ALCGPSC 149/17 - FY2018 URINALYSIS DRUG TESTING ALLOCATIONS

united states coast guard

13 DEC 17

ALCGPSC 149/17
SUBJ: FY2018 URINALYSIS DRUG TESTING ALLOCATIONS
A. Coast Guard Drug and Alcohol Program Manual, COMDTINST M1000.10 (series)
1. The mandatory drug testing requirements for FY18 remain at 65 percent of active
duty/SELRES and 100 percent for new accessions.  Units shall test 25 percent of their
annual quota each quarter.  Note: 25 percent per quarter is determined by the total PAL
for active duty and reserve, times 65 percent, divided by four to determine quarterly
quota.  FY18 urinalysis drug testing allocations are available at
http://www.dcms.uscg.mil/PSD/fs/Drug-Testing-Program/. Compliance with the CG’s
Drug Abuse Program is the responsibility of Commanding Officers IAW Art. 4.A.2.d of
Ref A.
2. Urinalysis coordinators (UC) shall use the DoD web-based Drug Testing Program
(DTP) Lite system, Version 5.4.1.1.  Tripler Army Medical Center (TAMC) has updated
DTP Lite to use 10-digit DoD numbers.  Units with members generated on rosters from
DA will need to manually enter their DoD numbers into the roster. 
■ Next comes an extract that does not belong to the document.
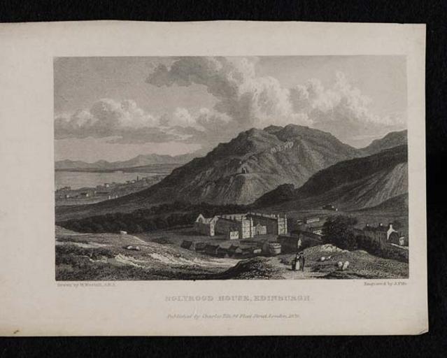 | Keywords: holyrood house holyroodhouse holyrood palace holyroodpalace palace of holyroodhouse palaceofholyroodhouse mary queen of scots maryqueenofscots edinburgh royal residence royalresidence w. westall wwestall engraving j. fife jfife walter blaikie walterblaikie nls photo border blackandwhite surreal outdoor black and white Engraving by J. Fife after an original drawing by William Westall of Holyrood House, Edinburgh. Holyrood House is also known as the Palace of Holyroodhouse or Holyrood Palace; the official royal residence in Scotland, once home to Mary Queen of Scots. More .... Engraving by J. Fife after an original drawing by William Westall of Holyrood House, Edinburgh. Holyrood House is also known as the Palace of Holyroodhouse or Holyrood Palace; the official royal residence in Scotland, once home to Mary Queen of Scots. More .... |

3.  Until further notice, memos requesting Full Panel Testing are no longer required when
submitting samples to TAMC.
4.   IAW Art. 4.B.1 of Ref A and the FORCECOM Admin Assessment Checklist, units
shall retain urinalysis testing paperwork for the current year plus one additional year, 
including: 1) copies of the DD-Form 2624, Urinalysis Ledger, 2) mail receipt showing
date samples were shipped, and 3) corresponding results from TAMC for each testing
event.
5.  Units receiving positive urinalysis results must report those results to the Coast Guard
Investigative Service (CGIS) for entry into National Instant Criminal Background Check
System (NICS).  Upon being notified of a positive urinalysis result, CGIS will work with
the command to determine if a CGIS investigation is warranted versus a unit
investigation outlined in Chap. 3 of Ref A.  Units shall notify CG PSC PSD-FS of all
positive urinalysis result outcomes. In addition, Ref A, Art. 3.B.4.a.(2) requires units to
document and report findings of “No Drug Incidents” to CG PSC PSD-FS. 
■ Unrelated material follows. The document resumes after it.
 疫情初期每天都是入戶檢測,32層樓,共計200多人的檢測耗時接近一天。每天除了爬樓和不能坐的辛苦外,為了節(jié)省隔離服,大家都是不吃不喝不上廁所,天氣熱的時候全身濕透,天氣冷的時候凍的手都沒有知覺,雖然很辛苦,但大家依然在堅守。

6.  Discrepancy rates continue to be exceedingly high. Discrepancy codes by unit are
included in monthly reports from TAMC and provided to Major Commands
(MAJCOMs) by CG PSC PSD-FS. The most common discrepancies continue to be (FA):
The UIC or BAC in blocks 4 or 3 is either incorrect or doesn't match that found on the
bottle label; (FN): The most common reason is the absence of a single original signature
on the custody section; (GG): If the collector includes a bottle as space filler (helps keep
the bottle from moving in shipment yielding illegible labels and/or spills) it must have no
label. The form should have a line through the SSN with the collector's initials and date. 
MAJCOMS and units are encouraged to closely review monthly drug testing reports to
ensure specimens are processed IAW Ref A and to proactively address reported
discrepancies, especially those leading to rejected samples.  These errors can be remedied
by utilizing DTP Lite, paying attention to detail and utilizing the Urinalysis Tactics,
Techniques and Procedures (TTP) provided on the DCMS Drug Testing website in
paragraph 1 above.
7. For general urinalysis questions, units should contact their MAJCOM coordinator.  CG
PSC PSD-FS POC is CWO Eric Lowe, (202) 795-6646, email eric.p.lowe(at)uscg.mil.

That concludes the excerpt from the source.